The global GLP-1R market is projected to reach US$150 billion by 2031 in obesity and diabetes alone. Currently, oral GLP-1R options remain limited, with only one oral GLP-1R agonist on the market with a bioavailability of just approximately 1%.
AI Programs and Additional Opportunities
Poolbeg has also developed artificial intelligence programs targeting respiratory syncytial virus (RSV) and influenza, both representing large market opportunities. These programs integrate proprietary multi-parametric clinical data to identify novel host response targets. Several potential targets and clinical-stage repurposing drug candidates have been identified, with discussions ongoing regarding potential collaborations.
Additionally, POLB 001 has potential as a treatment for severe influenza, representing a valuable life cycle opportunity for the drug.

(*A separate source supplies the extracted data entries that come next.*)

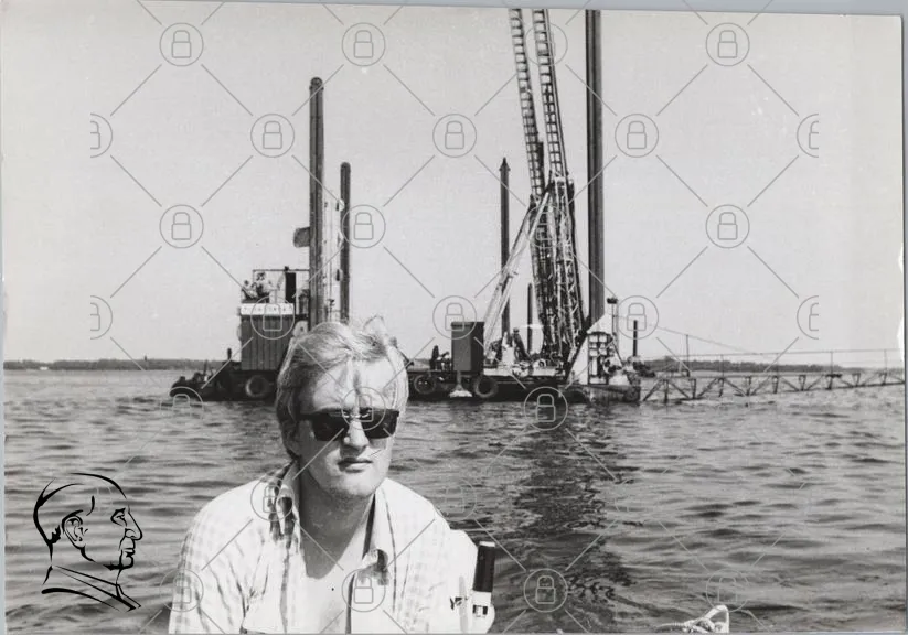 man, solglasögon, båt, vatten, byggmaskiner, kaj, svartvit, 1980-tal, konstruktion, hav, arbetsplats, industri, fiske, landskap, teknik, människa, utrustning, marina, foto, retro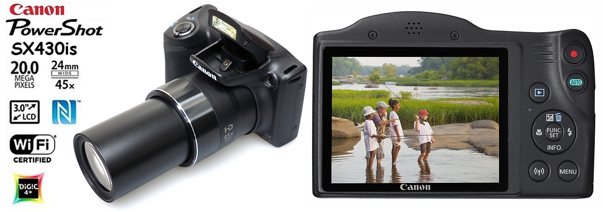 Canon PowerShot SX430 IS **ultrazoom*1/2,3" CCD 20 MPix*45 x op ZOOM 24–1080 mm*HDV 720p*WiFi/NFC*fotobrašna*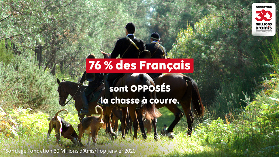 Alors que les Français sont 76% à se prononcer contre la chasse à courre (Baromètre Fondation 30 Millions d’Amis/IFOP – 2020), il est désormais plus que temps que les politiques soient en phase avec les attentes sociétales. D’où certaines réactions fébriles des plus réfractaires !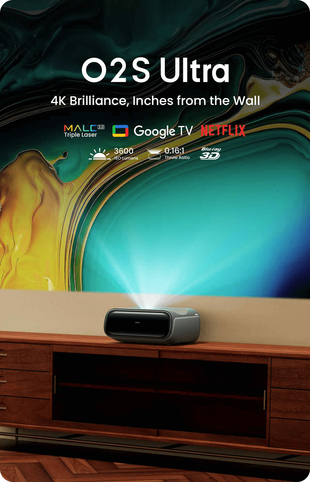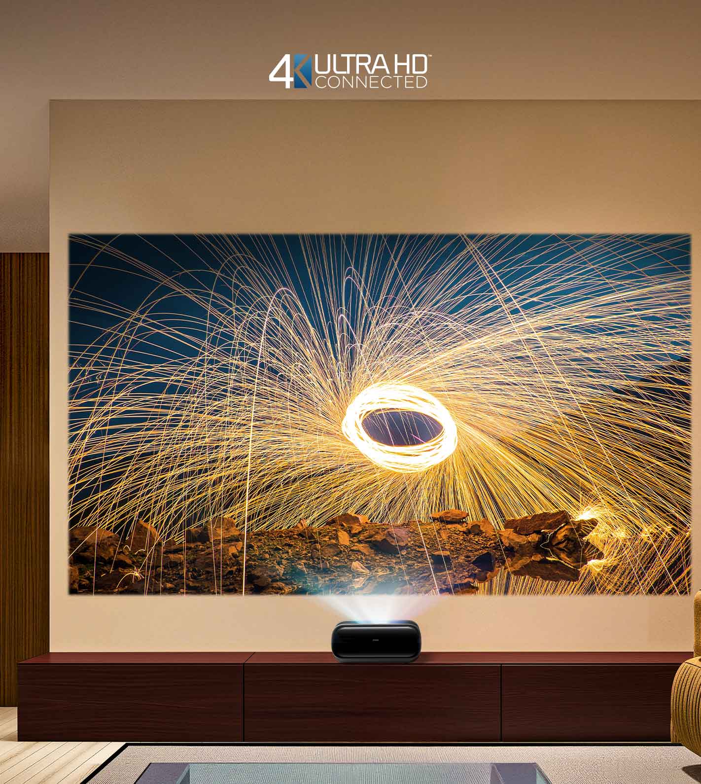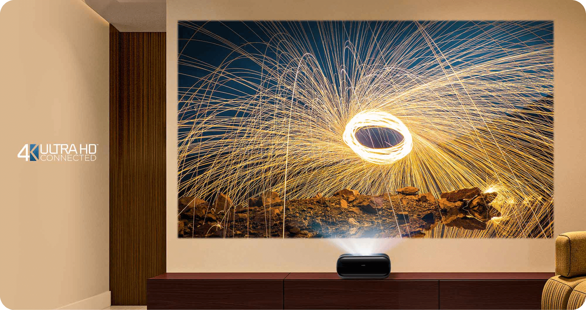 - 0.16:1 Ultra Short Throw: Enjoy a massive 100" display from only 6.6 inches away from the wall — a breakthrough design that’s even shorter than 0.25:1, delivering more flexibility in any space.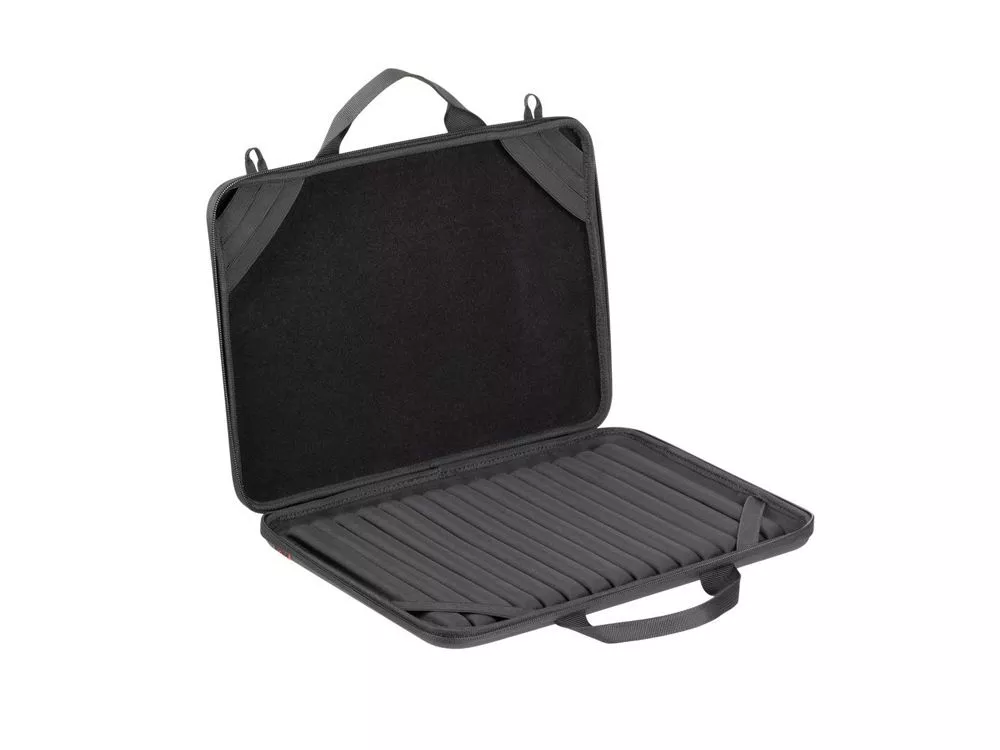 • Чехол создан из высококачественного, водоотталкивающего материала EVA, он надежно защищает от внешних воздействий, случайных ударов и царапин, а также от пыли и влаги. • Внутри дно оборудовано специальными накладками для защиты ноутбука, его рифленая форма обеспечивает хорошую вентиляцию и снижает нагрев устройства при работе в чехле. • В комплекте ремень для ношения чехла на плече. • Ноутбук надежно крепится внутри чехла специальными фиксирующими лентами по углам. • Двойная застежка молния для удобного доступа к устройству.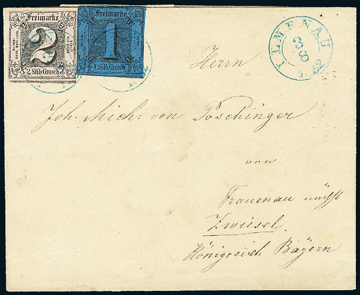 | Zusatzinformationen und Suchstichworte: | Dr. Derichs 170. Auktion 3. Juni 2023 Los 1307 Altdeutschland Thurn und Taxis 1 Sgr. schw./blau, teils überrandiger Taxisschnitt, zusammen mit allseitig voll- bis überrandiger 2 Sgr. schw./rosa auf Postvereinsbrief mit guten blauen K2 "Ilmenau 3/8 1862" als Entwerter und nochmals beigesetzt (zusätzlicher Federzug abgeschwächt) nach Frauenau bei Zwiesel/Königreich Bayern. Zuschlag 110,00 EUR |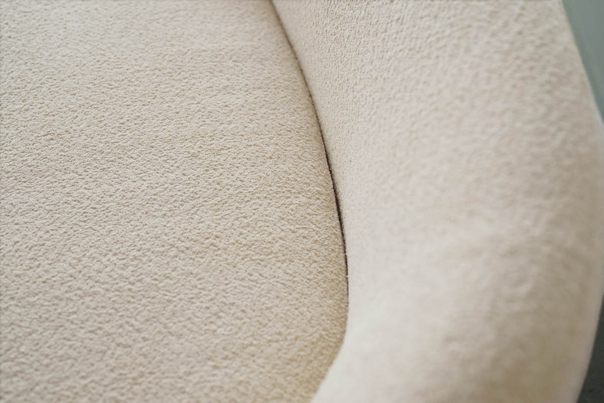 小さなループ状の糸を編んで作られるブークレ調生地。独特のふんわりとした質感が、曲線のフォルムを際立たせます。モダンなデザインでありながら、起毛によって柔らかな印象も与えます。背面まで贅沢に使用し、どこから見ても美しい仕上がりです。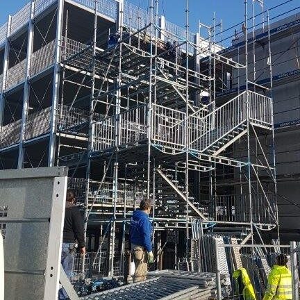 - Temporäres Behelfstreppenhaus für Bauarbeiten am Parkhaus

It targets the host immune response rather than the virus itself, making it unaffected by viral variance.
Financial Position
The company is debt-free with approximately £6.2 million cash as of March 31, 2025. The net proceeds from the fundraising are expected to extend the cash runway into 2027, through meaningful expected value inflection points.
Poolbeg Pharma remains well-positioned for success, leveraging its proven leadership team's track record and expertise in the pharmaceutical industry as it progresses its high-value pipeline to address critical unmet medical needs for patients and generate shareholder value.